Tyler: Even informal relationships have big impacts on students, and for mentors it’s fulfilling to see those students go on to have successful careers. What advice would you give to a young-career physicist?
Alois: I tailor any advice to young physicists to their personalities and strengths.
I think it’s important to identify a mentor, a person whose career you’d like to emulate. If you want to be visible in the field or in the workplace, volunteer to help or head a project that may be outside of your comfort zone. Don’t be fatalistic. Don’t be the kind of person that thinks that “if it is meant to be, it will happen”.
Make a good plan. As the old saying goes, “you plan the work, then you work the plan.”
On the mundane side: learn to manage your time, respect deadlines, and continue learning. Be professional. And I’ll urge: no whining!
Tyler: I agree with your suggestions. We can be experts in medical physics but that doesn’t mean we’ll be great contributors. There are basic, non-medical physics skills that we all need to perform our best: communication, teamwork, self-management, organization, and initiative.
Alois: The Medical Physics Leadership Academy is noteworthy for attempting to develop these types of skills within our field and goes hand-in-hand with learning outside of our subject material. These skills go beyond our department and have an impact on our personal lives as well.
Tyler: You’ve been in the field for 30 years. Where do you think Medical Physics is going?
Alois: I think we’re getting deeper into high-precision image-guided radiation therapy. There are new technologies like automation, artificial intelligence, machine learning, etc., that are coming whether we like it or not. Billing will also have an impact as we move toward different payment models. Medical physics 3.0 is geared toward medical excellence and expanding our role in patient care as things evolve. Doing Monte Carlo calculations behind closed doors is no longer going to be enough.
Tyler: What are you not very good at?
Alois: I’m not good at ignoring justice issues, especially when the victims are powerless. My grandmother always said to me, “The mark of a man is how you treat someone who can do absolutely nothing for you.” So I sometimes find myself entangled (and not without cost) in issues that I could have walked away from.
I’m sure my family and friends could come up with other different and hilarious examples of what I am not good at…
Tyler: What is your favorite book?
Alois: There are a couple of them. Lord of the Flies is one. The one written by William Golding who ultimately won the Nobel Prize in literature, not to be confused with Lord of the Rings!
A Zulu literature book that’s great is Inkinsela YaseMgunguNdlovu (The Rich Man of Pietermaritzburg) by Sibusiso Nyembezi.

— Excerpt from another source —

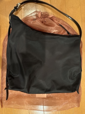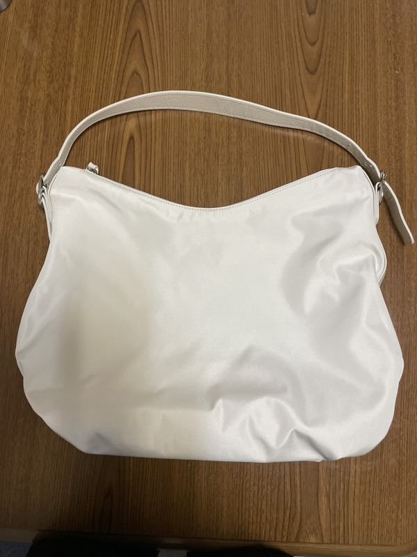 1番使いやすいナイロン素材にしました。長さの調節で手提げ肩掛けショルダーと変えれるし、容量もたくさん入って軽くてこれから使用する出番が多そうです!そしてバッグが入っていた巾着も可愛いし、バッグの金具ロゴもお洒落で可愛い!オススメのブランドです。

I first read it in high school, but it had additional meaning when I reread it as an adult more recently.
Tyler: One last question, and a bit of a selfish one: I’m planning a trip to South Africa in 2020. What do I HAVE to see?

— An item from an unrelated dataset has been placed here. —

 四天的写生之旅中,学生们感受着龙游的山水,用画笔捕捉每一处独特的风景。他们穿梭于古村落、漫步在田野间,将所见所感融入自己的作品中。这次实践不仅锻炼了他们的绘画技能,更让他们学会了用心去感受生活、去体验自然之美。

Alois: I would go to Cape Town. There are so many great things to see, a big political history, great wineries, and iconic landmarks like Table Mountain. The Garden Route, a stunning 300 kilometer drive along the Indian Ocean coastline, is incredible and, depending on the season, it may offer fantastic possibilities for whale watching. Of course, safaris are also popular, as are trips to Krueger National Park. Add to that the Cradle of Humankind, a paleoanthropological site about 31 miles west of Johannesburg. It was declared a World Heritage site by UNESCO.